The Renault case has already been discussed here twice (here
). Recent developments, however, naturally lead us to revisit the file.
First observation: a possible infringement of Japanese tax laws by Mr. Ghosn doesn’t have anything to do with the results or the financial situation of Renault.
Second observation: in an industry that is as tough and competitive as the car business, there are only two survival strategies - position yourself in a luxury segment with high margins, or compensate smaller margins with large volumes and economies of scale; as such, it would be surprising for Nissan or Mitsubishi to jeopardize the alliance that links them to the French manufacturer since their survival seems indexed to the sustainability of the latter.
Third remark: while Renault shares already were surprisingly affordable - like the shares of all car manufacturers, by the way, like BMW which we featured here last week
- since the 19th of November the company’s shares are extraordinarily
And indeed, without falling into a sophisticated financial analysis or sum of the parts, we note that the market capitalization of the group (17 billion euros) represents a multiple of 3.3 times last year’s profits (5.1 billion) and a 50% discount on the company’s equity (34 billion) which is, however, profitable for the long cycle.

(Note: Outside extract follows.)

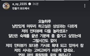 "누군가와 전쟁하듯 이야기 드리는 부분이 아니라 선수들의 보호에 대한 이야기임을 이해해주시기 바랍니다."2024 파리 올림픽에서 세계 정상에 오른 '여제' 안세영(22·삼성생명)이 또 한 번 입을 열었다. 자신의 이야기가 '선수 보호'에 집중된 이야기라는 걸 각인시켰다. 안세영은 6일(한국시간) 개인 SNS를 통해 전날 자신의 인터뷰로 시작된 국가대표팀과 결별 논란에 대해 자신의 생각을 전했다.안세영은 "오늘 하루 낭만 있게 마무리 하고 싶은 상상과는 다르게 제 인터뷰에 다들 놀라셨죠?"라며 "일단 숙제를 끝낸 기분에 좀 즐기고 싶었는데 그럴 시간도 없이 제 인터뷰가 또 다른 기사로 확대되고 있어서 참, 제 서사는 고비고비가 쉬운 게 없네요"라고 전했다.안세영은 자신이 하고 싶은 말이 대표팀의 선수 관리에 대한 부분이란 걸 재확인시켰다. 그는 "제 올림픽을 응원해주시고 기다려 주셔서 감사드립니다"라며 "그 끝에 선수 관리에 대한 부분을 말씀드리고 싶었는데, 본의 아니게 떠넘기는 협회나 감독님의 기사들에 또 한번 상처를 받게 되네요"라고 했다.

These kinds of valuation levels are usually reserved to companies which are in a near bankruptcy situation. Renault seems light years away from such a thing: the company is remarkably well-capitalized - Mr. Ghosn liked to unburden himself from the terror the last big crisis left him with - and since the company has been growing sustainably for ten years - at an annualized pace of 5% - the group has considerably improved its margin profile during that period and generates excess cash every financial year.
Nissan, owned by Renault for up to 43.7% of its capital, also displays a satisfying financial performance, with a 4% annualized turnover growth since 2008 and a record net margin for the last two financial years.
The profitability of the equity straightened out over that period approaches 10% - more or less the cost of capital among discerning investors. That being said, selling said equity for 50% of its accounting value - which without a doubt underestimates the value of the company’s stake in Nissan - appears overly conservative, or unreasonable when we talk about a profitable company that’s well managed, and that thanks to its Alliance disposes of a formidable competitive advantage - meaning its scale.
The car industry, as we regularly remind our readers, is as tough as it is ungrateful because it’s cyclical, extremely competitive and incurably capital-intensive. The quality of the profits in this industry is questionable and the opacity of the financial services divisions - although essential in the consolidated financial performance - is more or less absolute.
Moreover, Ghosn’s fall strikes hard: closely monitored by fussy boards in Japan and Europe, the compensation of executives - direct as well as indirect, benefits in kind included - normally is transparent and well documented.
That such a case comes to light looks just like a palace revolution, and creates the fear for potentially deeper than expected tensions between Renault and Nissan.
A reconciliation will require compromises: let’s hope that they will be found soon by the concerned parties.
In the case of Renault, all these real risks - which we certainly don’t deny - are more than integrated into the price. So, without looking to sketch an exact valuation, it seems that an investment at this price is limited to going against a maximum pessimism of the market.
The situation should thus spark the interest of contrarian investors, focused on the long-term and detached from the media fury.
(The author is a shareholder at an average price of 56 euros.)